Reputation: 49
i have one interesting question, and could not resolve it. Please help!!!!
They are tables
t_employee
ID NUMBER,
DEPARTMENT_ID NUMBER,
CHIEF_ID NUMBER,
NAME VARCHAR2(100 BYTE),
SALARY NUMBER,
BIRTH_DATE DATE,
ADDRESS VARCHAR2(200 BYTE),
STATUS VARCHAR2(1 BYTE)
and
t_department
ID NUMBER,
NAME VARCHAR2(100 BYTE)
Need display the number of employees in each region - in Adress column (if they are now region then = 'No' area). Names of areas converted to uppercase.
What is problem? Problem is that adress collumn has unstructured data for example: Adress:
Country,REGION,city,...
So REGION always must be beetween first (,) and second (,) AND must include word (reg) For example:
Russia(Country), reg Moskovskay , Moscow(city), Lenina, (street) .... or
Russia(Country), Moskovskay reg , Moscow(city), Lenina, (street) .... or
separator is (,) position is - second
Many thanks!
Upvotes: 1
Views: 106
Reputation: 8816
WITH t_employee AS (
SELECT 1 AS id, 10 AS department_id, 'a' AS name, 'kws, aaa reg, skdir, 23049' AS address FROM dual
UNION ALL SELECT 2, 10, 'b', 'slkx, aaa reg, lskdj, 902349' FROM dual
UNION ALL SELECT 3, 20, 'c', 'lskj, bbb reg, lskdi, 489308' FROM dual
UNION ALL SELECT 4, 10, 'd', 'lskj, aaa reg, lskdi, 489308' FROM dual
UNION ALL SELECT 5, 20, 'e', 'lskj, ccc reg, lskdi, 489308' FROM dual
UNION ALL SELECT 6, 30, 'f', 'lskj, bbb reg, lskdi, 489308' FROM dual
)
, t_region AS (
SELECT id,
TRIM (
REPLACE (
SUBSTR (address,
INSTR (address, ',', 1) + 1,
INSTR (address, ',', INSTR(address, ',', 1) + 1)
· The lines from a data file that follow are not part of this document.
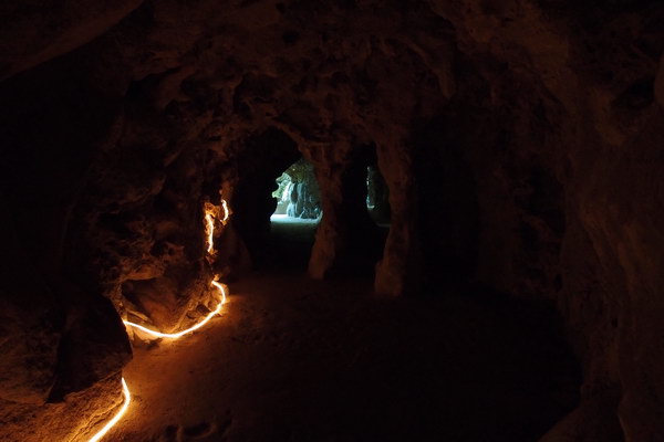 Нигде ничего не огорожено, народу никого, куда идти непонятно, а подсвечена одна основная тропка по подземелью. А так куда хочешь - туда и иди, хоть с фонариком, хоть без, как вам нравится!
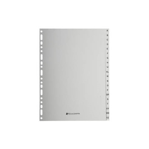 Regiszter PP Exacompta A/4 A-Z-ig szürke Méret: A/4Kiváló minőségű szürke, műanyag regiszterekAlapanyag: 120 mikronos műanyagElőre lyukasztott, így lefűzhető mappába vagy dossziéba
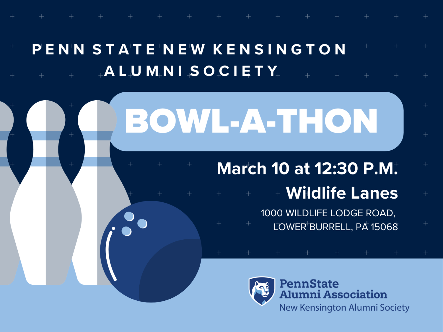 The Penn State New Kensington Alumni Society Bowl-A-Thon is scheduled for March 10 at 12:30 p.m. The annual event will be held at Wildlife Lanes in Lower Burrell. Bowler and sponsorship opportunities are available. For more details, contact the Office of Development and Alumni Relations at 724-334-6056 or tms57@psu.edu. Credit: Penn State New Kensington Office of Development and Alumni Relations. All Rights Reserved.
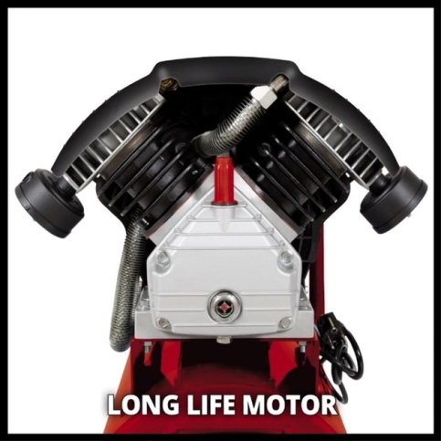 Компресор Einhell TC-AC 420/50/10 V необхідний для роботи в майстерні та гаражі: за потужності 2200 Вт він створює максимальний робочий тиск 10 барів. Для високої швидкості подавання повітря компресор має подвійний компресорний блок, а 50-літровий бак забезпечує велику кількість запасу повітря. Компресор обладнаний редуктором тиску для регулювання стисненого повітря до максимального робочого тиску 10 барів. Для регульованого робочого тиску і тиску в баку є один вбудований манометр і одна швидкознімна муфта. Рівень оливи можна перевірити в будь-який час через оглядове вікно. Для безпеки під час роботи компресор обладнаний зворотним клапаном і запобіжним клапаном. Einhell переконаний у високій якості матеріалу та забезпечує 10-річну гарантію на захист від іржі на бак. Зливний кран компресора забезпечує зручне обслуговування. Компресор надійний у роботі завдяки вібропоглинальним ніжкам, які забезпечують його надійну фіксацію. Для зручності транспортування є великі колеса та ручка для транспортування.
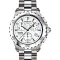 Брендовый хронографХронографФункция позволяет измерять отрезки времени с особой точностью: часы, минуты, секунды. Верным признаком хронографа является наличие на циферблате 3 дополнительных окошек-счётчиков. показывает время с высокой точностью хода за счёт швейцарского кварцевого механизма ETA 251.471. Сапфировое стекло защищает циферблат с лаконичным узором. Стильно смотрится серебристый титановый браслет. Модель сохраняет водостойкость до 100 метров. Апертура даты.
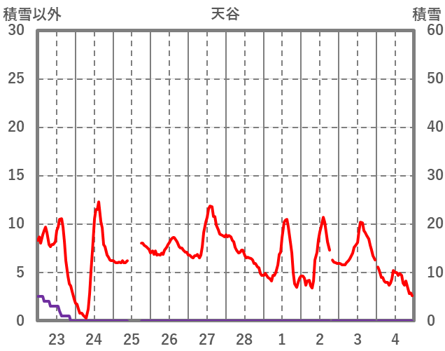 | 日 | 時 | 気温 | 降水 | 風向/風速 | 日照 | 積雪 | 降雪 |
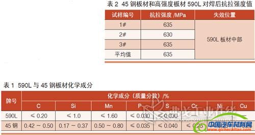 高强度板材590L直接从厂家轧制取材,属于高强度钢板系列的低碳钢,最小抗拉强度为590MPa,各项性能指标参照GB/T3273-2005;而45钢板材经过整体调质,其硬度为30~32HRC,抗拉强度1000~1050MPa。590L与45钢板材化学成分如表1所示。

- INSTR(address, ',', 1) - 1),
'reg',
'')
)
AS region
FROM t_employee e
)
SELECT r.region, count(*) AS employees
FROM t_region r
GROUP BY r.region
;
Upvotes: 0
Reputation: 181077
Free form strings are seldom a good idea in databases, this query won't be able to use indexes which will most likely make it a slow performer;
WITH a AS ( SELECT TRIM(
REPLACE(
UPPER(
REGEXP_SUBSTR(ADDRESS, ',([^,]*),', 1, 1, 'i', 1)
),
' REG ', ''
)
) REGION
FROM t_employee)
SELECT REGION, COUNT(*) cnt FROM a GROUP BY REGION
Upvotes: 1
Reputation: 10703
Try the below:
SELECT regexp_substr(address, ',(.*?reg.*?),', 1, 1, null, 1) AS region, COUNT(*)
FROM t_employee
GROUP BY regexp_substr(address, ',(.*?reg.*?),', 1, 1, null, 1);
I would strongly advise however to refactor the schema and break the address into separate fields for street, city, region, etc. before or during table load, if only you have the possibility to do so.
Upvotes: 1
Reputation: 122
At the outset , please explore to see and change the database design to separate these fields.It will help you in the long run.If you would still want to stick on to this structure , you could manage the data in the required format while inserting itself.Hope that helps !
Upvotes: 0